Миновав Кортленд–стрит, я стал встречать все меньше и меньше пешеходов. Церковь Святой Троицы напоминала деревенскую часовню. Молчаливые утесы зданий многочисленных контор окружили меня, я почувствовал удушающее давление: здания как будто спали и во сне раскачивались; их бесчисленные окна походили на ослепшие глаза. Но если они и были слепы, то другие глаза, ни на мгновение не отрывавшиеся от меня, вовсе не были слепы. Их взгляд становился более пристальным, более напряженным.

И вот уже никого вокруг. Ни полицейского, ни даже вахтера. Я знал, что вахтеры сидят внутри огромных каменных крепостей капитала. Я задерживался на углах, давая наблюдателям возможность выйти, невидимому стать видимым. И по–прежнему не видел никого. И по–прежнему чьи–то взгляды не отрывались от меня.

С чувством некоторого разочарования я дошел до конца Бродвея и взглянул на Баттери–парк. Он был безлюден. Я подошел к стене гавани и сел на скамью. Паром, устремиившийся к Стейтен–Айленд, напоминал большого золотистого водяного жука. Полная луна проливала поток дрожащего серебряного огня на волны. Было очень тихо – так тихо, что я слышал отдаленный звон колоколов Святой Троицы – прозвонили девять часов.
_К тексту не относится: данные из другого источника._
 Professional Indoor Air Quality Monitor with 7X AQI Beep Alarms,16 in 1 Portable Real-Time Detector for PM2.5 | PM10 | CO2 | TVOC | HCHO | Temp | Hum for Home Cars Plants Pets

Я ничего не слышал, но неожиданно понял, что рядом со мной кто–то сидит. Приятный голос попросил прикурить. В огне спички, поднесенном к сигарете, я увидел смуглое аскетическое лицо, гладко выбритое, рот и глаза добрые, причем глаза слегка водянистые, как от напряженной работы. Рука, держащая спичку, длинная, стройная и хорошо ухоженная. Она производила впечатление необычной силы – рука хирурга или скульптора. Несомненно, профессионал, заключил я. Эту мысль подтверждали плащ–накидка и мягкая темная шляпа. Широкие плечи под плащом соответствовали впечатлению необычной физической силы.

– Прекрасная ночь, сэр, – он отшвырнул спичку. – Ночь приключений. А за нами город, в котором возможны любые приключения.
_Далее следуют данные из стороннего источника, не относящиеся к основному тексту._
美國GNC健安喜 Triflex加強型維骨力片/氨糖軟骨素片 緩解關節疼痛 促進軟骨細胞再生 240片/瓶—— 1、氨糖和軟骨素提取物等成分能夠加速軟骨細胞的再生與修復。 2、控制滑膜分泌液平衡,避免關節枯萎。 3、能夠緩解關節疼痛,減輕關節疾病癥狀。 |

Я посмотрел на него внимательнее. Странное замечание, особенно если учесть, что я, несомненно, вышел сегодня в поисках приключений. Но что в конце концов в этом странного? Может, во мне говорит преувеличенная подозрительность? Он не мог знать, что привело меня в это молчаливое место. Добрые глаза и лицо заставили немедленно отказаться от этой мысли. Какой–нибудь ученый, может быть, благодарный парку за его тишину.